→ **TASK TO CARRY OUT**
Word for word, repeat all the entries below, but without the pictures.

→ **LISTED ENTRIES**
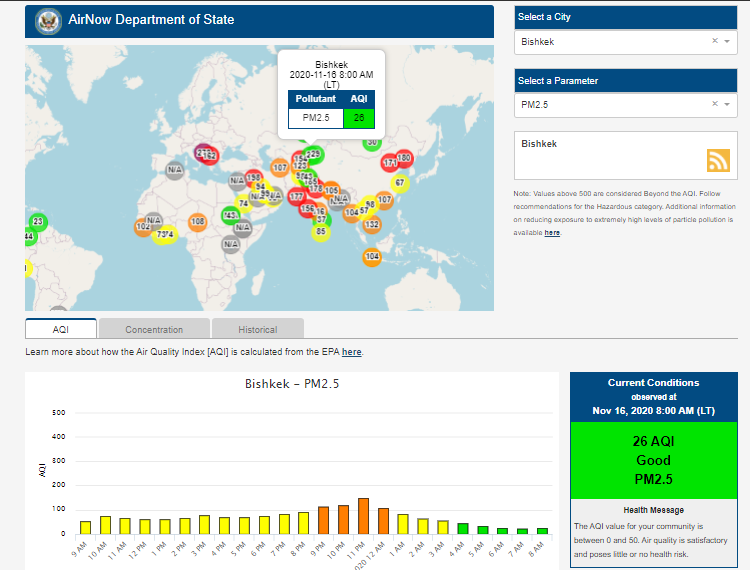 Посольство США в Кыргызстане также установило датчик. Он показывает индекс качества воздуха в режиме онлайн. Информация обновляется ежечасно.
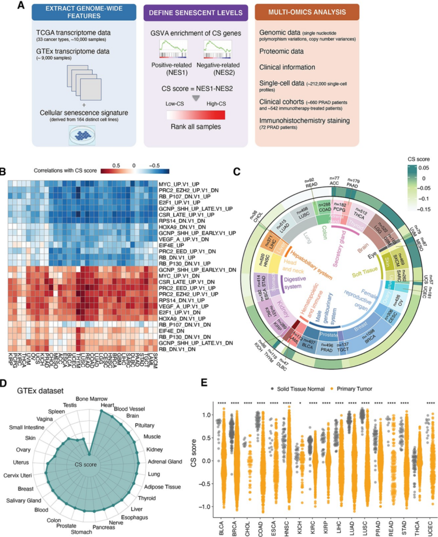 该研究为深入地理解细胞衰老在不同癌症类型中所发挥的环境依赖性的调节作用构建了一个全面的框架,也为细胞衰老在心血管疾病等重大疾病中的作用研究提供了范本。
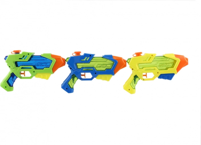 Transparente Teile des Tanks ermöglichen eine schnelle Kontrolle des Wasserstands, während die markante Düse einen präzisen Wasserstrahl gewährleistet. Erhältlich in 3 kräftigen Farben (Mix), die Kinder begeistern und die Unterscheidung beim Spielen mit Freunden erleichtern.
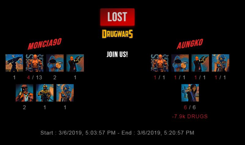 Congratulations @aungko ! Your fight received an upvote of 1% from the King Dealer as incentive for your activity and as a gratitude for your support to the game. Want to know more about DrugWars.io?
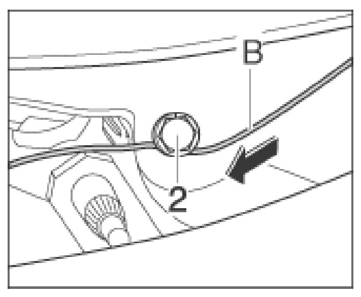 a. Attach the loose end of the cutting thread -B firmly at a suitable point on the body with the fastening screw -2- of a component (e.g. wiper motor fastening). To do this, unscrew the fastening screw, wind the cutting thread -B around the screw and tighten the fastening screw again.
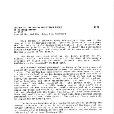 Constructed 1767; altered 1886-87. Miller & Fullerton, builders. One of the few known partnerships of housebuilders in colonial Charleston designed and executed this stuccoed brick single house for St. Michael's Church. It served as the parish's first minister's house but became a rental property after the Revolution and was eventually sold to rice planter William Read in 1825. Although retaining its notable compass-headed stair window on the north, the dwelling received considerable damage in the earthquake and now boasts a bracketed Victorian cornice. (Poston, Buildings of Charleston.)
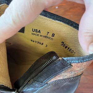 J.B. Dillon Women's Leather Western Ankle Boots With Paisley Design- sz 7
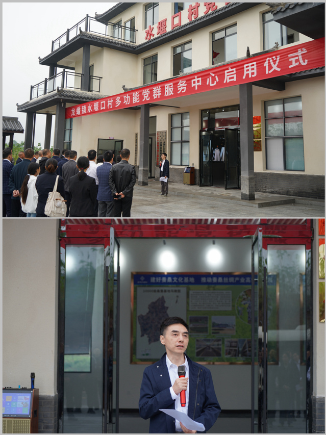 熊江介绍下院山村党群服务中心 随后,李秋实一行参加了水堰口村党群服务中心启动仪式,该党群服务中心由学校捐资50万元,联合顺成纺织品有限公司和嘉陵区人民医院修建完工。启动仪式由龙蟠镇党委委员,副镇长许利霞主持。在驻水堰口村第一书记刁成豆和顺成纺织品有限公司总经理王尚雪的引导下,一行参观了党群服务中心一楼展示大厅,观看了水堰口村驻村工作队宣传视频,了解了顺成公司的发展规划和丝绸产品销售情况。
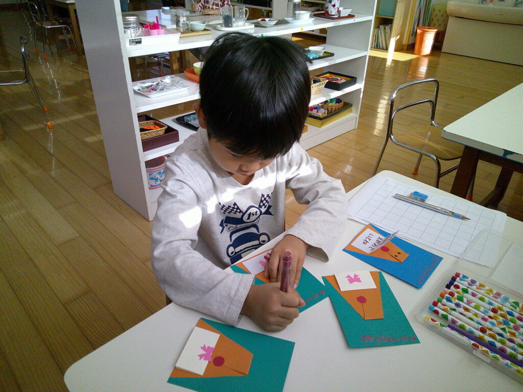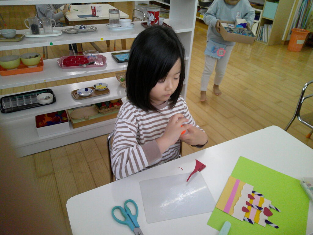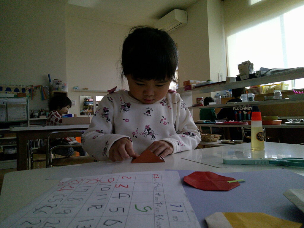 お仕事では、クロスステッチや折り紙をしてる子が多くいました。製作をしている子が多かったのですが、作品が完成すると「出来た!」と誇らしげに見せていましたよ☺️この調子で取り組んでいたいと思いますね。
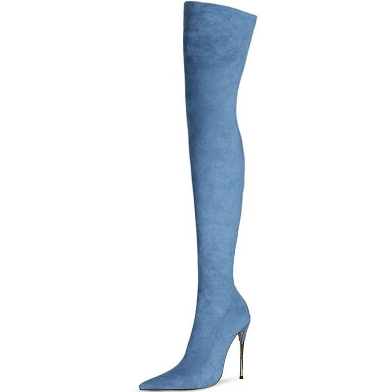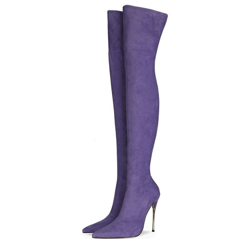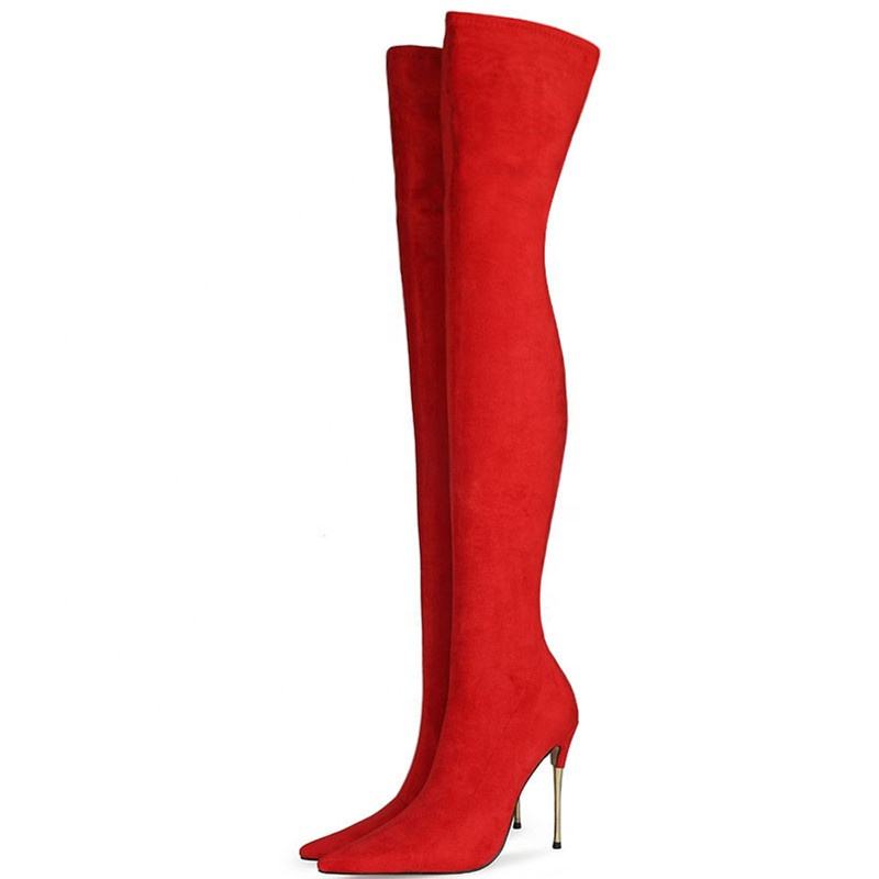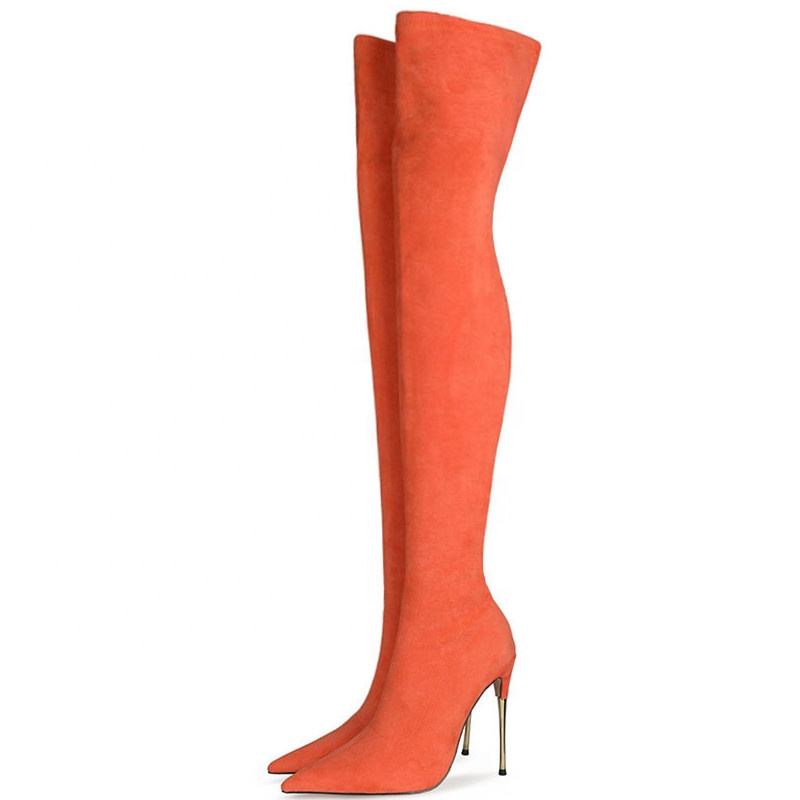 รองเท้าบูทผู้หญิงทรงโมเดิร์น สปริง 2021 แบบสวมสูงเหนือเข่า หัวแหลม ส้นสูงเรียว ผิวสัมผัสนุ่ม สำหรับใส่กลางแจ้ง ส้นสูง 12 ซม.

→ **RESPONSE TO THE TASK**
 Посольство США в Кыргызстане также установило датчик. Он показывает индекс качества воздуха в режиме онлайн. Информация обновляется ежечасно.
 该研究为深入地理解细胞衰老在不同癌症类型中所发挥的环境依赖性的调节作用构建了一个全面的框架,也为细胞衰老在心血管疾病等重大疾病中的作用研究提供了范本。
 Transparente Teile des Tanks ermöglichen eine schnelle Kontrolle des Wasserstands, während die markante Düse einen präzisen Wasserstrahl gewährleistet. Erhältlich in 3 kräftigen Farben (Mix), die Kinder begeistern und die Unterscheidung beim Spielen mit Freunden erleichtern.
 Congratulations @aungko ! Your fight received an upvote of 1% from the King Dealer as incentive for your activity and as a gratitude for your support to the game. Want to know more about DrugWars.io?
 a. Attach the loose end of the cutting thread -B firmly at a suitable point on the body with the fastening screw -2- of a component (e.g. wiper motor fastening). To do this, unscrew the fastening screw, wind the cutting thread -B around the screw and tighten the fastening screw again.
 Constructed 1767; altered 1886-87. Miller & Fullerton, builders. One of the few known partnerships of housebuilders in colonial Charleston designed and executed this stuccoed brick single house for St. Michael's Church. It served as the parish's first minister's house but became a rental property after the Revolution and was eventually sold to rice planter William Read in 1825. Although retaining its notable compass-headed stair window on the north, the dwelling received considerable damage in the earthquake and now boasts a bracketed Victorian cornice. (Poston, Buildings of Charleston.)
 J.B. Dillon Women's Leather Western Ankle Boots With Paisley Design- sz 7
 熊江介绍下院山村党群服务中心 随后,李秋实一行参加了水堰口村党群服务中心启动仪式,该党群服务中心由学校捐资50万元,联合顺成纺织品有限公司和嘉陵区人民医院修建完工。启动仪式由龙蟠镇党委委员,副镇长许利霞主持。在驻水堰口村第一书记刁成豆和顺成纺织品有限公司总经理王尚雪的引导下,一行参观了党群服务中心一楼展示大厅,观看了水堰口村驻村工作队宣传视频,了解了顺成公司的发展规划和丝绸产品销售情况。
 お仕事では、クロスステッチや折り紙をしてる子が多くいました。製作をしている子が多かったのですが、作品が完成すると「出来た!」と誇らしげに見せていましたよ☺️この調子で取り組んでいたいと思いますね。
 รองเท้าบูทผู้หญิงทรงโมเดิร์น สปริง 2021 แบบสวมสูงเหนือเข่า หัวแหลม ส้นสูงเรียว ผิวสัมผัสนุ่ม สำหรับใส่กลางแจ้ง ส้นสูง 12 ซม.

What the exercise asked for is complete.